If you choose Normal, one-tailed: You will see a theoretical normal distribution with the shaded area in the right tail of the distribution (a one-tailed test could also have placed all of the shading in the left tail). If you look at the x axis of this distribution, you will see that its mean is 0 and it's standard deviation is 1. This is an idealized z distribution. The shaded area represents the most extreme (positive) z-scores in the distribution, and in area, represents 5% of the total area under the curve.
If you choose Normal, two-tailed: You will see an idealized normal distribution with its shaded areas divided between the right and left tails of the distribution. If you look at the x axis of this distribution, you will see that its mean is 0 and its standard deviation is 1. This is an idealized z distribution. The shaded areas represent the most extreme (both positive and negative) z-scores in the distribution, and in combined area, represent 5% of the total area under the curve. The shaded area at the left represents 2.5% of the total area, and the shaded area at the right represents 2.5% of the total area.
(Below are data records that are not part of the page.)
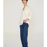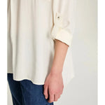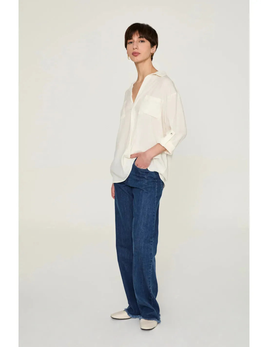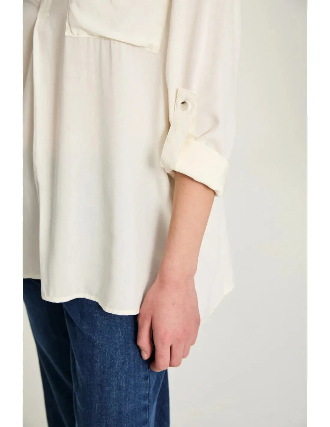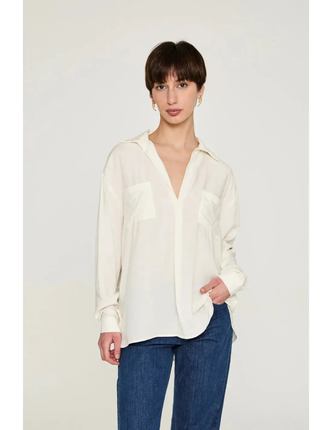 Camisa oversize con cuello camisero y pico central, manga larga. Bolsillos de plastrón en delantero.
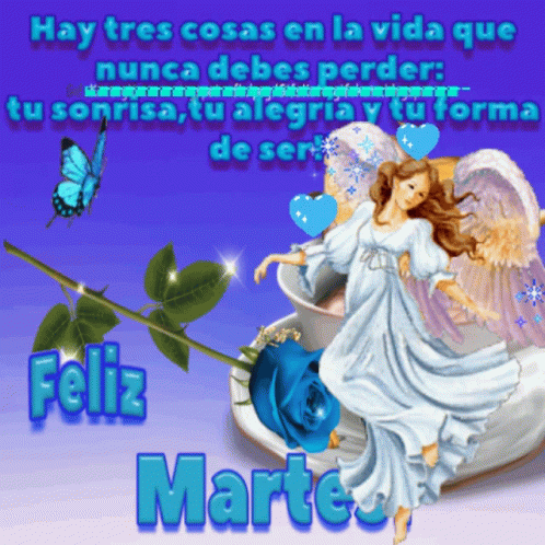 An angel, blue butterfly, and rose with a positive message: 'Never lose your smile, joy, and way of being.' Happy Tuesday!
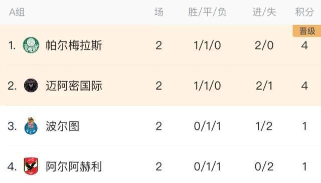 帕尔梅拉斯拿1分即可获得小组头名——同分情况下,两队相互战绩相同,再比较净胜球,帕尔梅拉斯占优。因此,巴西豪门没有死磕迈阿密国际的必要。

If you choose Student's, one-tailed: You will see a theoretical distribution of student's t, with a shaded area in the right tail of the distribution (a one-tailed test could also have placed the shading in the left tail). The shaded area represents the most extreme (positive) t-values in the distribution, and in area, represents 5% of the total area under the curve.
If you choose Student's, two-tailed: You will see a theoretical distribution of student's t with shaded areas divided between the right and left tails of the distribution. The shaded areas represent the most extreme t-scores in the distribution, and in combined area, represent 5% of the total area under the curve. The shaded area in the left tail represents 2.5% of the total area, and the shaded area in the right tail represents 2.5% of the total area.
If you choose Chi Square, one-tailed: You will see a theoretical distribution of chi-square. Since values of Chi Square can only be positive only the one-tailed test can be performed, and the shading will always be under the rightmost tail of the distribution, i.e., toward the most extreme positive values. The shaded area represents the most extreme scores in the distribution, and in area, represents 5% of the total area under the curve.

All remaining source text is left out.